Protecting the 'Beautiful, Savory Swimmer'
Richard Forward's Blue Crab Research Crucial to Saving Habitats
and to Setting Sustainable Catch Limits p.2
To prevent this from happening, North Carolina
officials are enacting new, more stringent catch limits and
management policies—safeguards shaped in part by Forward’s
groundbreaking studies of the migrations of egg-carrying adult
female blue crabs and their recently hatched postlarvae.
His research has shown that these migrations
are predictors of the fishery’s future population size.
During the warm months, most adult crabs are
found in low salinity waters close to where rivers flow into
estuaries. As summer wanes, older females go through their
terminal molt and slough off their exoskeletons. (Crabs may
molt up to 25 times during their two- to threeyear lifespan.)
The females then mate, store the sperm and—leaving
the males and younger, non-mating females behind— head to
estuary inlets miles away, where they over-winter.
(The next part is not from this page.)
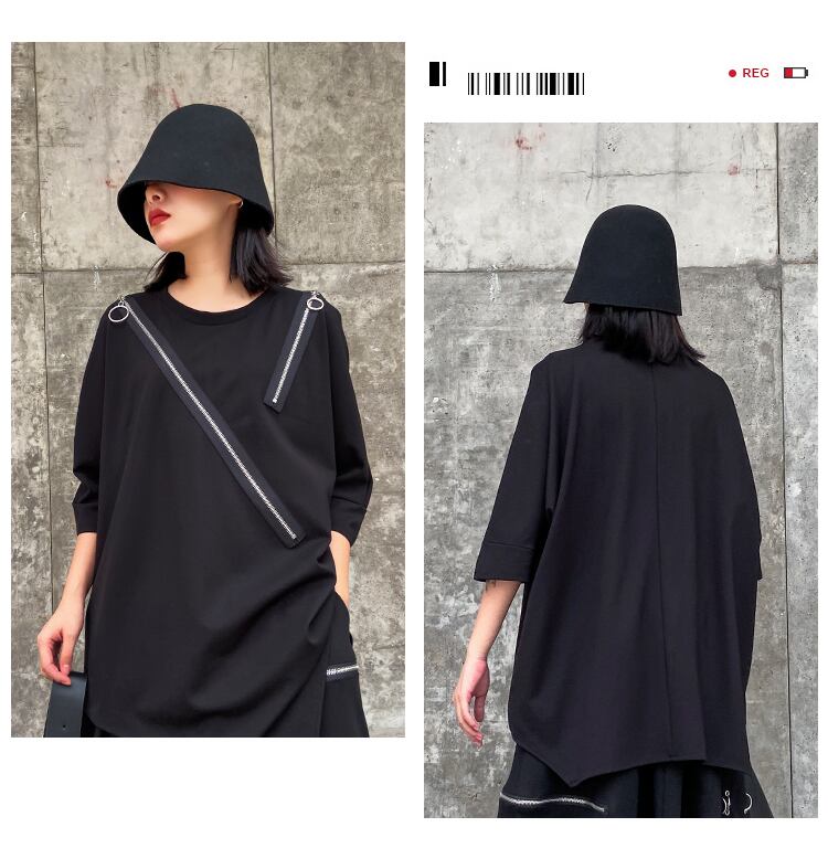 Xイレギュラースリーブトップウィメンズルーズ七分袖オールマッチスケミングベースシャツウィメンズセンスインナーラージサイズTシャツ ラブタオタオダレンハウス46973799054

In spring, after laying and incubating their
eggs, they migrate seaward, each crab laden, on average, with
between one million and two million eggs attached to her abdomen.
“The females undergo what is called ebb tide
transport,” Forward says. “They swim primarily at night during
ebb tides, when the water current helps carry them seaward,
and then sit on the bottom during flood tides, when the water
current reverses.” This allows them to move through the estuary
toward their hatching grounds in the ocean in a kind of leapfrog
mechanism, covering longer distances while conserving their
energy.
Forward and his research collaborators track
the females using sonic tags attached harmlessly to the crabs’
backs.
Called “pingers” because of the noise they make,
the tags (which cost about $300 each) emit sound waves audible
on underwater hydrophones. After the crabs have been fitted
with the tags, researchers release them into the estuary and
follow closely behind in a hydrophone-equipped boat, charting
the crabs’ speed, direction and trajectory by following the
sound of the pings. They also measure the currents, salinity
and water temperatures around the crabs as they swim.